Fluorometric Mercury (II) Detection Using Heteroatom-Doped Carbon and Graphene Quantum Dots

• Published in: Photonics Vol. 11; no. 9; p. 841
• Main Authors: Chaghazardi, Mosayeb, Kashanian, Soheila, Nazari, Maryam, Omidfar, Kobra, Joseph, Yvonne, Rahimi, Parvaneh
• Format: Journal Article
• Language: English
• Published: Basel MDPI AG 01.09.2024
• Subjects: Amino acids; Biocompatibility; Carbon; carbon quantum dots; Central nervous system; Damage detection; DNA damage; DNA probes; Electrons; Enzymes; Fluorescent indicators; fluorescent sensors; Fluorimetry; Food chains; Graphene; graphene quantum dots; Graphite; Heavy metals; Ion probes; Low level; Mercury; Mercury (metal); Metals; Nervous system; Optical properties; Physical properties; Pollutants; Proteins; Quantum dots; Scientific imaging; Soil pollution; Soil water; Toxicity
• ISSN: 2304-6732; 2304-6732
• DOI: 10.3390/photonics11090841

Mercury ion (Hg2+) is one of the most toxic pollutants that can exist throughout the environment and be diffused into water, soil, air, and eventually the food chain. Even a very low level of Hg2+ diffused in living organisms can hurt their DNA and cause the permanent damage of the central nervous system and a variety of consequential disorders. Hence, the development of a sensitive and specific method for the detection of Hg2+ at trace ranges is extremely important as well as challenging. Fluorometric detection assays based on graphene quantum dots (GQDs) and carbon quantum dots (CQDs) offer considerable potential for the determination and monitoring of heavy metals due to their fascinating properties.
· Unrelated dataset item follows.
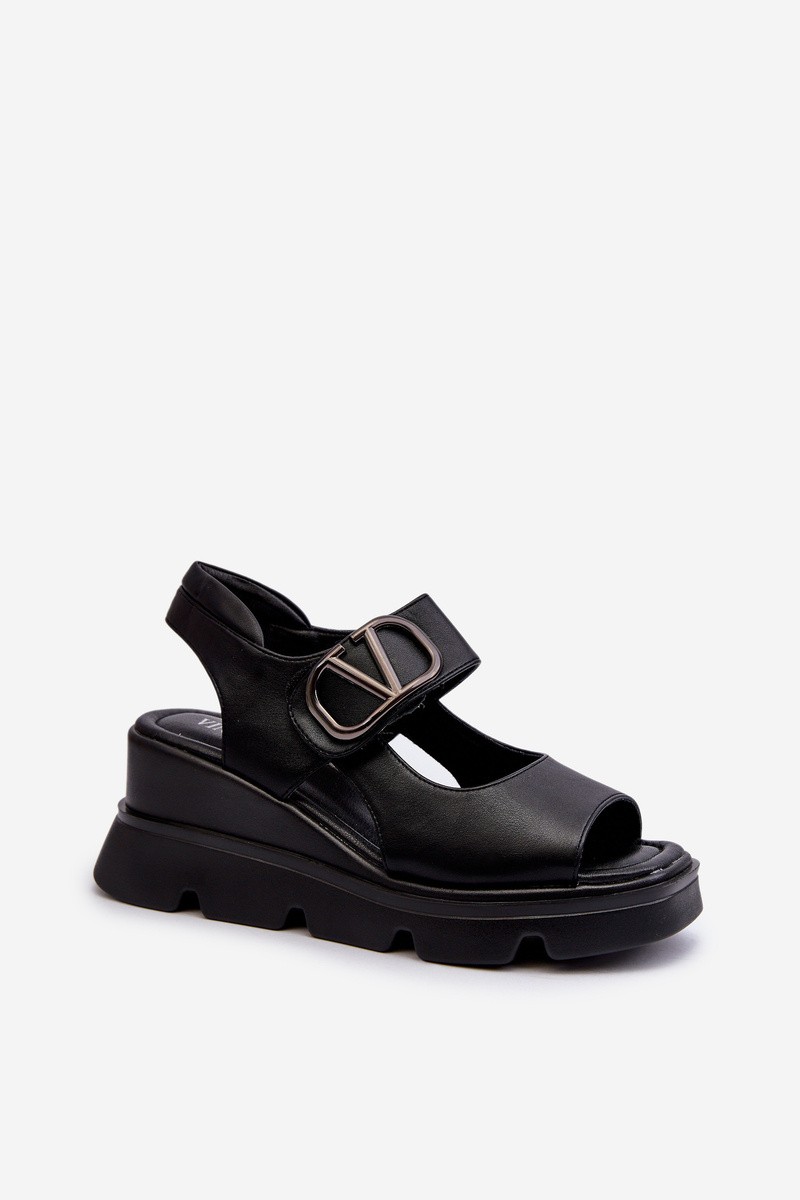 Moteriškos juodos basutės su pleištu ir platforma iš ekologiškos odos Triaola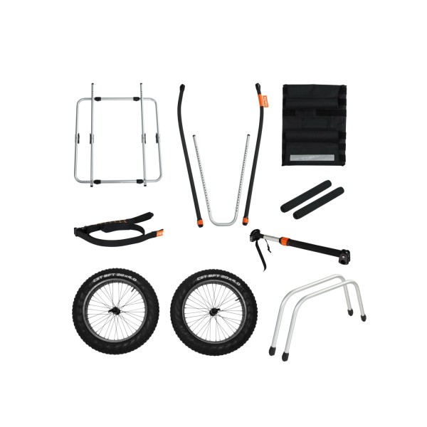 Trwały i przestronny, tekstylny bagażnik dostosowuje się bez wysiłku do szerokości ramy. Potrzebujesz przechować przyczepę? Bagażnik pełni rolę poręcznego pakunku na wszystkie części, ułatwiając transport i przechowywanie

Although the quantum yield of GQDs and CQDs is sufficient for their use as fluorescent probes, doping with heteroatoms can significantly improve their optical properties and selectivity toward specific analytes. This review explores the primary advances of CQDs and GQDs in their great electronic, optical, and physical properties, their synthetic methods, and their use in Hg2+ fluorimetry detection.